◆ **Assigned task**
Retype, without changes or pictures, only the lines that begin at the one containing "2024 Summer Beach" and end at the last line of the records that follow.

◆ **Information supplied**
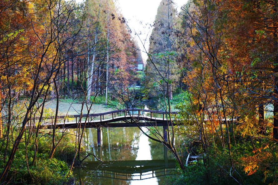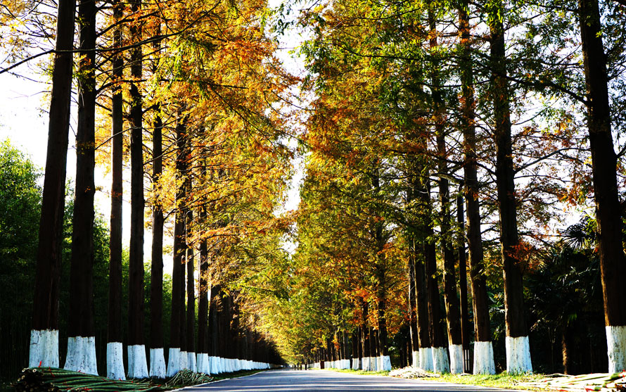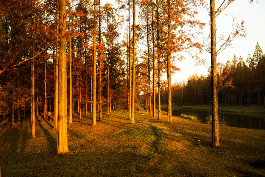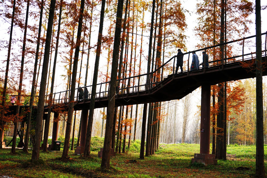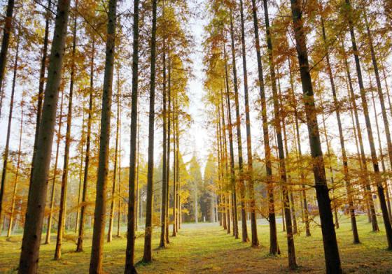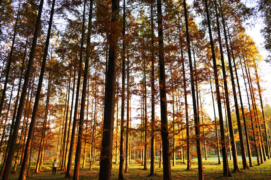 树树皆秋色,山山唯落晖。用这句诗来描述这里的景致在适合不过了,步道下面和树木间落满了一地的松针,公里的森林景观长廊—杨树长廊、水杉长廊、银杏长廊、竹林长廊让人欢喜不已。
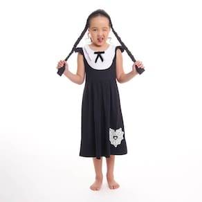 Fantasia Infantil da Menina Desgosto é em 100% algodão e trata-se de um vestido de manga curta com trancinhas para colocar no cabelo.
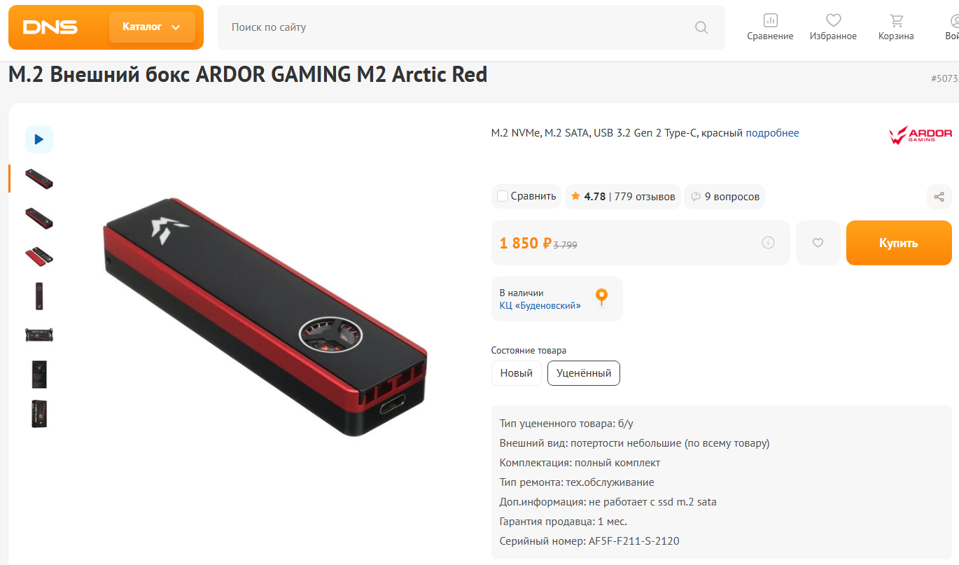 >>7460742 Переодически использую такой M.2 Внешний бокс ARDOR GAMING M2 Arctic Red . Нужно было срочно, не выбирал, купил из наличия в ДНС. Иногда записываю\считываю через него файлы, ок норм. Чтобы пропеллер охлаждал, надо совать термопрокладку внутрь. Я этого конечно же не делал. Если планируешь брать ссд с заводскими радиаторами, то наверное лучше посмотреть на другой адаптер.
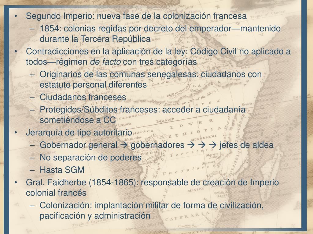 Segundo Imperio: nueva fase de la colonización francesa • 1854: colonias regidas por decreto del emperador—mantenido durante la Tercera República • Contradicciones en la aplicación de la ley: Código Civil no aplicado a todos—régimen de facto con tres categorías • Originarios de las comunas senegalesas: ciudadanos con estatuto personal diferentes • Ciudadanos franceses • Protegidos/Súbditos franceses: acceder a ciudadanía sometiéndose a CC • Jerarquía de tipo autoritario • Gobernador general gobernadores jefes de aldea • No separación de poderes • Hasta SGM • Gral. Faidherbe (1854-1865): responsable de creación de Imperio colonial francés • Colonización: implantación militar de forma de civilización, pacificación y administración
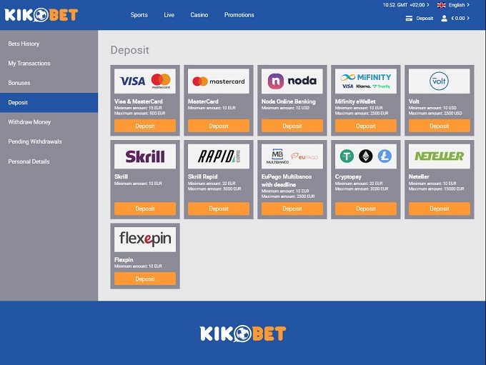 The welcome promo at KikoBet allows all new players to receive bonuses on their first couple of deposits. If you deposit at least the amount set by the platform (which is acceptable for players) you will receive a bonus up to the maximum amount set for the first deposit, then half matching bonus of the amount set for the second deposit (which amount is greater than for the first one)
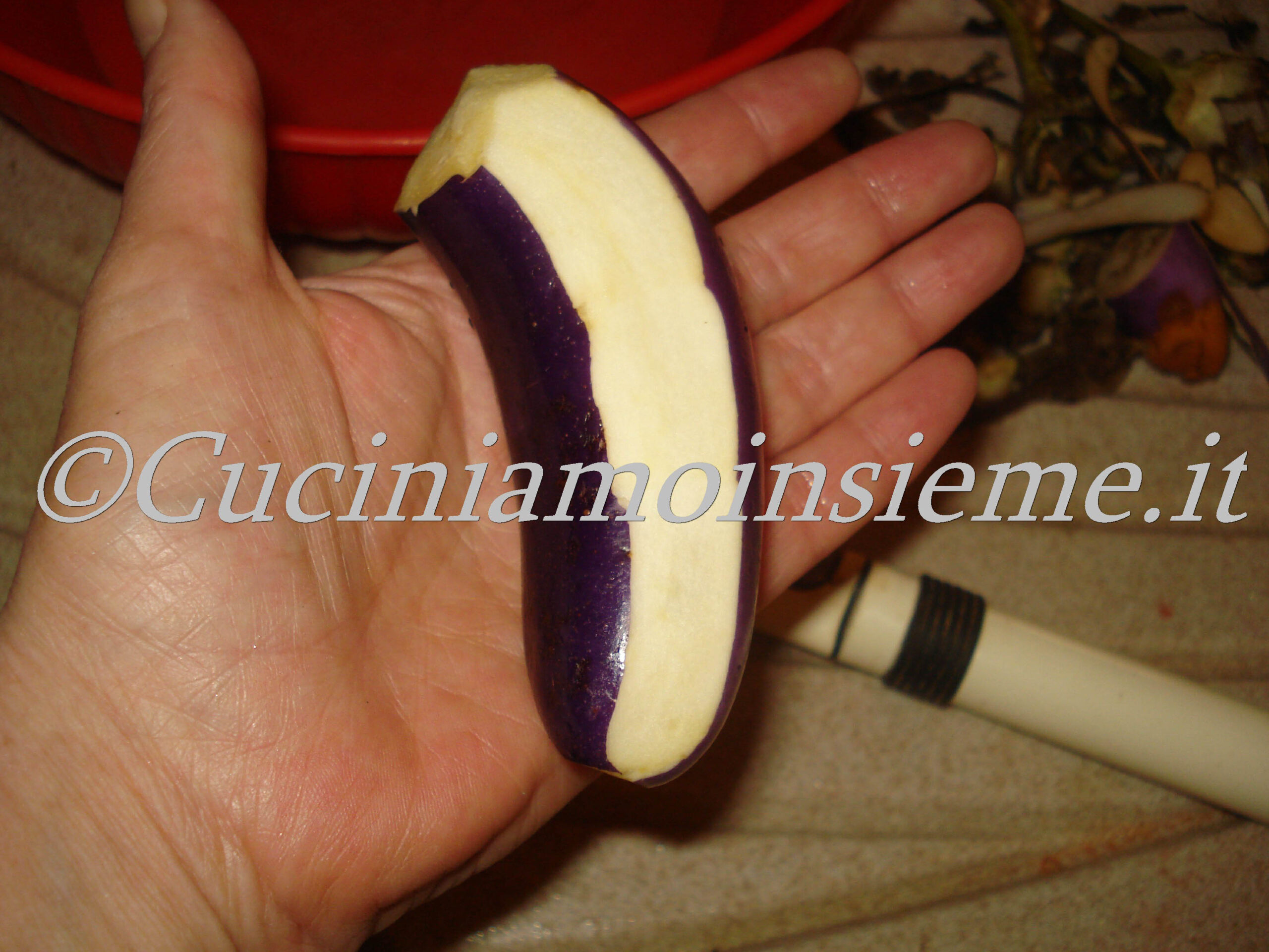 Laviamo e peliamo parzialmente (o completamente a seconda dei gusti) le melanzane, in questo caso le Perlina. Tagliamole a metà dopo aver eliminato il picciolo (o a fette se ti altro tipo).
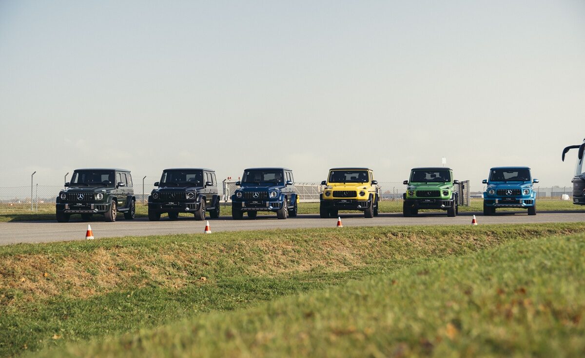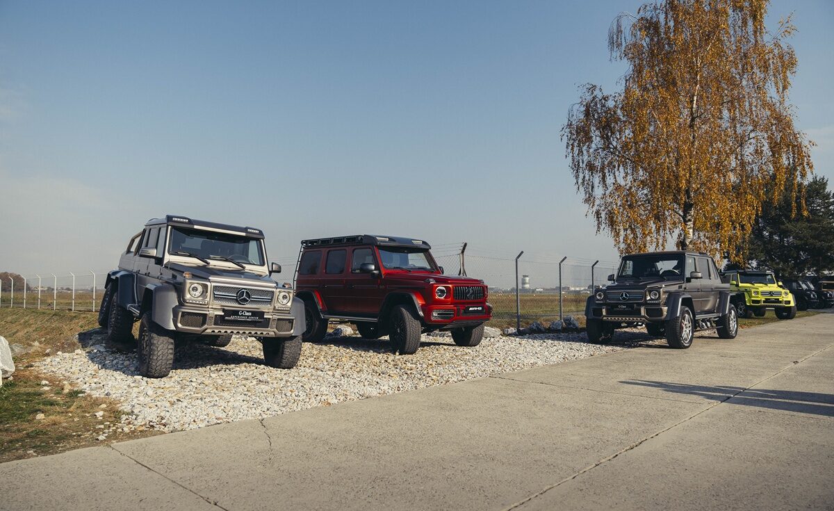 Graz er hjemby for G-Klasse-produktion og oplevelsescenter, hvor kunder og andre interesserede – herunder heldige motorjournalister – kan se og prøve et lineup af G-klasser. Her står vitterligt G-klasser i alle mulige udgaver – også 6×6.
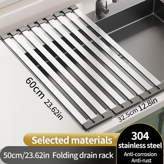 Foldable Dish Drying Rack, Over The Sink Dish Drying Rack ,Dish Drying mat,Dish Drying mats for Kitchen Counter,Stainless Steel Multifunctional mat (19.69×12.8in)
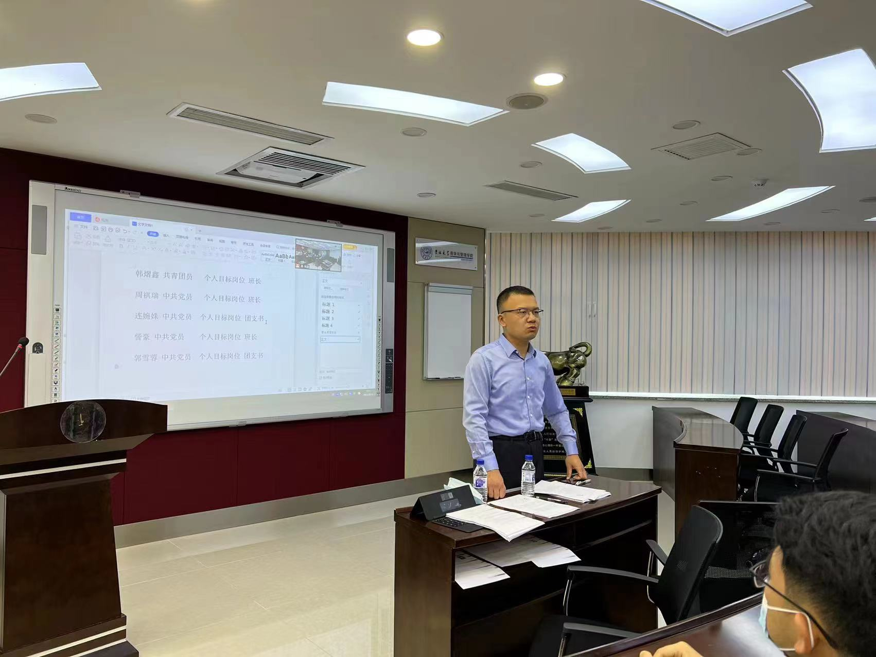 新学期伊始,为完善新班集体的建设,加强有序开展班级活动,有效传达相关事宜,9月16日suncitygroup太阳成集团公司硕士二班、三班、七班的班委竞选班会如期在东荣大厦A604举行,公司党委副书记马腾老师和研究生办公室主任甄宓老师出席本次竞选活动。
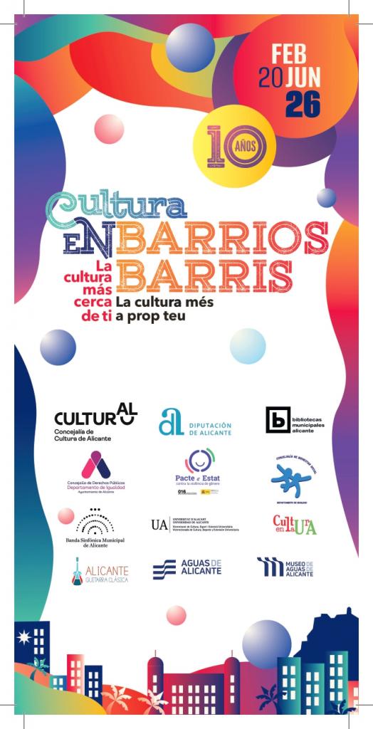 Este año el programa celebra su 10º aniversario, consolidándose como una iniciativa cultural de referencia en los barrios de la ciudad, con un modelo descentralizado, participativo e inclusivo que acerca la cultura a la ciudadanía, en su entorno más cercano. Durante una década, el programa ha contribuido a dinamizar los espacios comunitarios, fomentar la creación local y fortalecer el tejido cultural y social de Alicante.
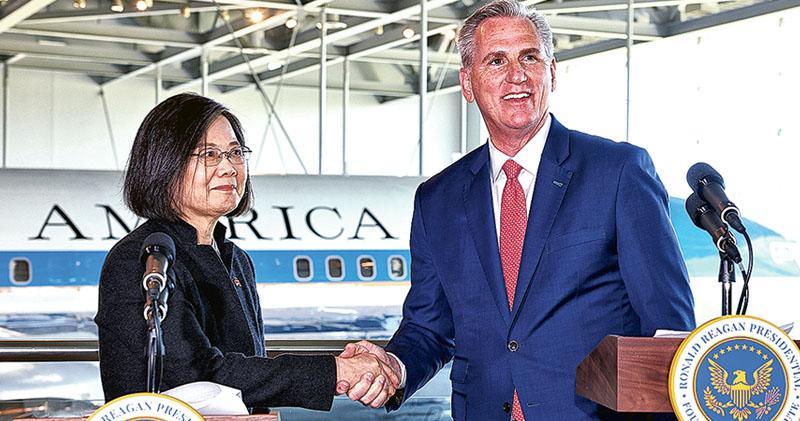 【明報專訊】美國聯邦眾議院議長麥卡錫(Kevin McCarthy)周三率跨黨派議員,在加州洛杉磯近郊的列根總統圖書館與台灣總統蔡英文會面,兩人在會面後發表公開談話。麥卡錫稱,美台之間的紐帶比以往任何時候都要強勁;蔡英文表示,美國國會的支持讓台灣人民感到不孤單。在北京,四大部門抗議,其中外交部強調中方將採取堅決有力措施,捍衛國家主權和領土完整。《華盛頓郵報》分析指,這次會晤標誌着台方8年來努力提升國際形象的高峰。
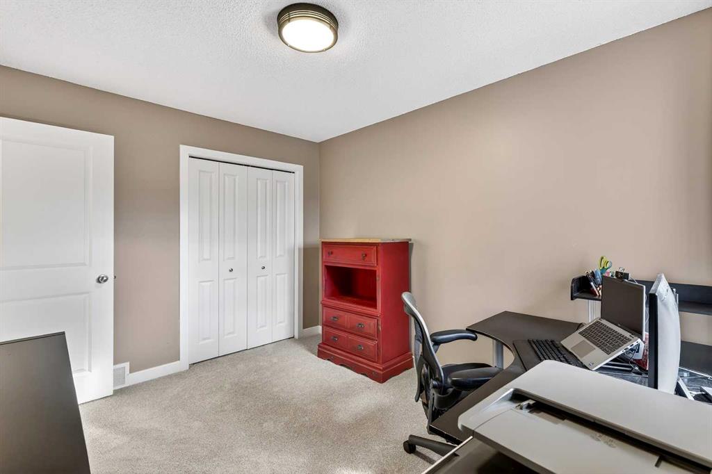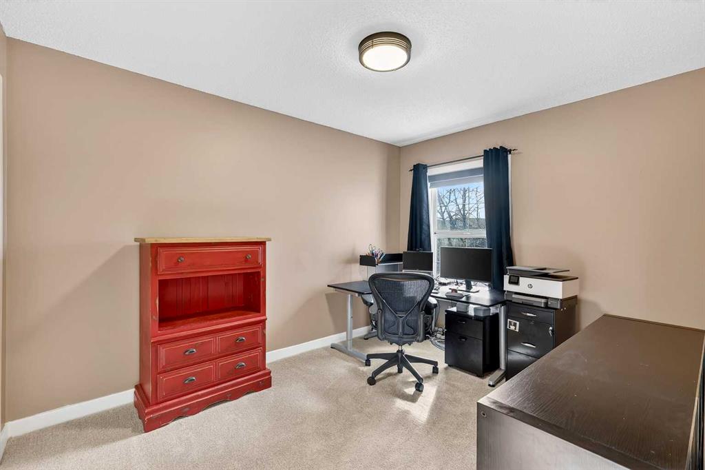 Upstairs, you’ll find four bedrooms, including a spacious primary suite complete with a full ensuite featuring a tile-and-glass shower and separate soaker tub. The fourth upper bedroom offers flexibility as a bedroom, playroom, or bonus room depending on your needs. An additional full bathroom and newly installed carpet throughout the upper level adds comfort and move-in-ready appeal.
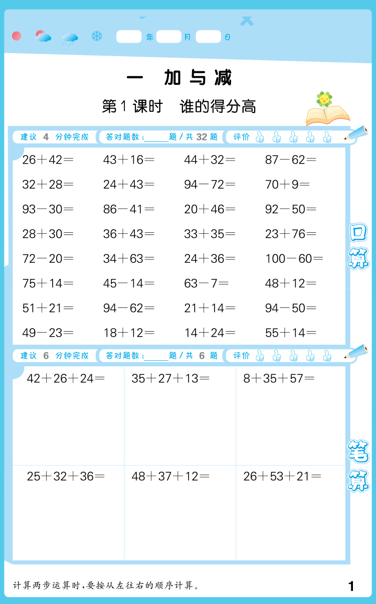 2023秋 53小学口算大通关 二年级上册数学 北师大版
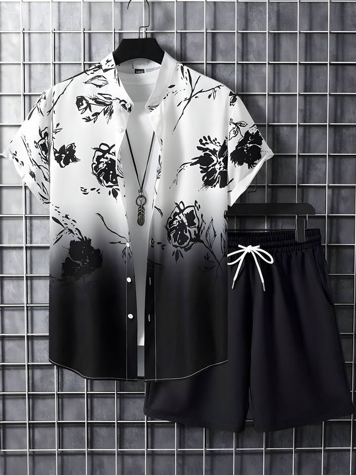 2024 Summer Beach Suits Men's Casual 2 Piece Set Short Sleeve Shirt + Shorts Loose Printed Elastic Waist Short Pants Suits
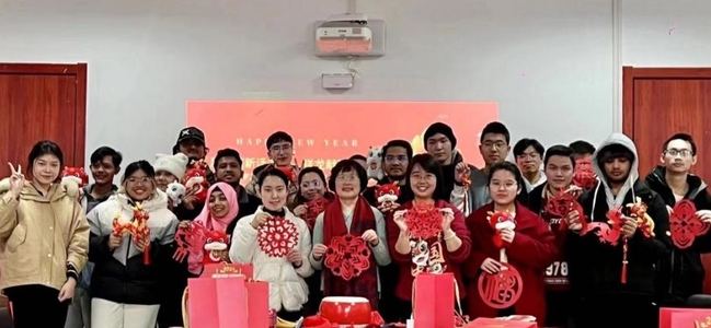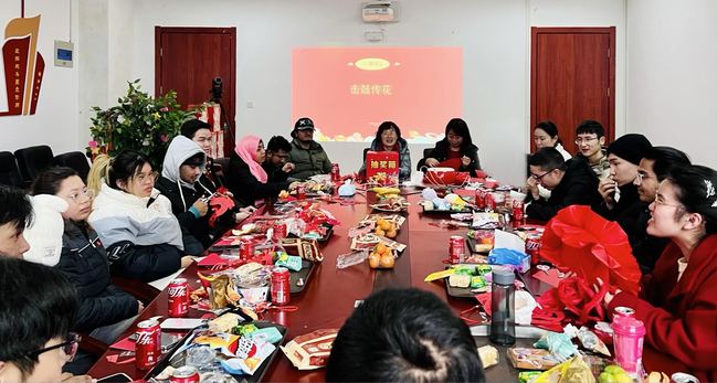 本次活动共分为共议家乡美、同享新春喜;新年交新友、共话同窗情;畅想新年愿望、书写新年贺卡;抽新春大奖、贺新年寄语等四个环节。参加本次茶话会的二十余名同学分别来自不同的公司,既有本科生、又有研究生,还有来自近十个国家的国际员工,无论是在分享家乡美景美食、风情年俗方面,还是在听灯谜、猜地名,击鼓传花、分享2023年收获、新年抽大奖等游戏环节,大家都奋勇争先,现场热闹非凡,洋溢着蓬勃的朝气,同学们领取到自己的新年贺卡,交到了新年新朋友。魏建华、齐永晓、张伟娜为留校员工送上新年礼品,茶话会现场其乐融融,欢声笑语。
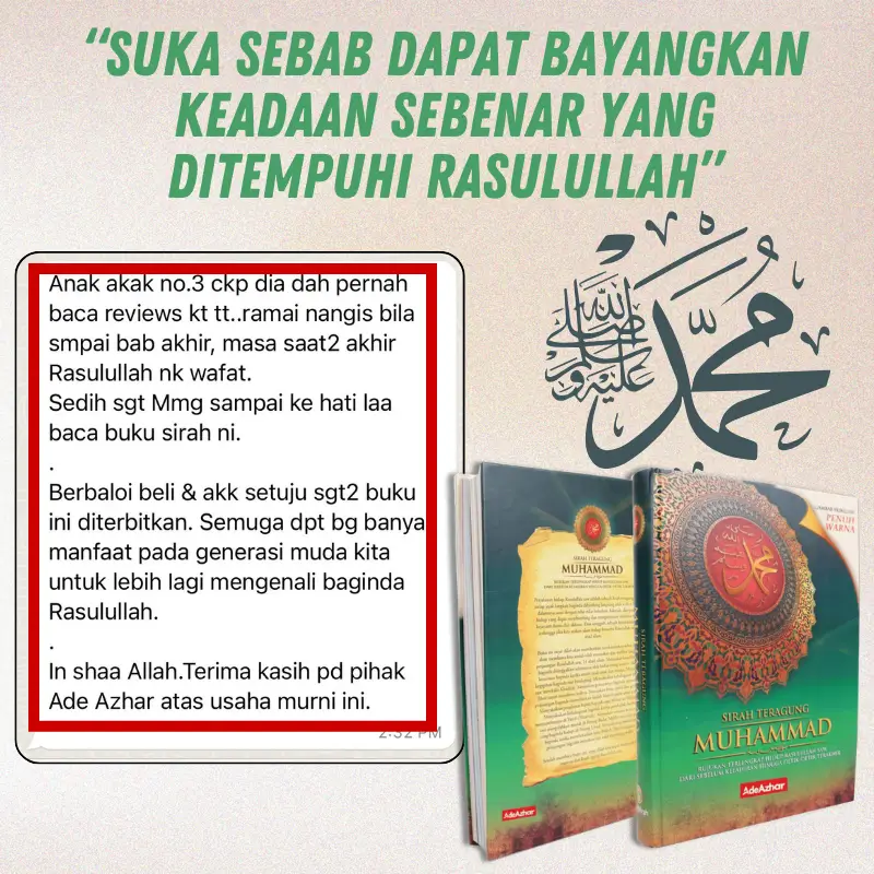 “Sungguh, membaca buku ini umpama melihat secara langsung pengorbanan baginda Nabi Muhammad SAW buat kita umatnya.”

◆ **Answer for this exercise**
 2024 Summer Beach Suits Men's Casual 2 Piece Set Short Sleeve Shirt + Shorts Loose Printed Elastic Waist Short Pants Suits
 本次活动共分为共议家乡美、同享新春喜;新年交新友、共话同窗情;畅想新年愿望、书写新年贺卡;抽新春大奖、贺新年寄语等四个环节。参加本次茶话会的二十余名同学分别来自不同的公司,既有本科生、又有研究生,还有来自近十个国家的国际员工,无论是在分享家乡美景美食、风情年俗方面,还是在听灯谜、猜地名,击鼓传花、分享2023年收获、新年抽大奖等游戏环节,大家都奋勇争先,现场热闹非凡,洋溢着蓬勃的朝气,同学们领取到自己的新年贺卡,交到了新年新朋友。魏建华、齐永晓、张伟娜为留校员工送上新年礼品,茶话会现场其乐融融,欢声笑语。
 “Sungguh, membaca buku ini umpama melihat secara langsung pengorbanan baginda Nabi Muhammad SAW buat kita umatnya.”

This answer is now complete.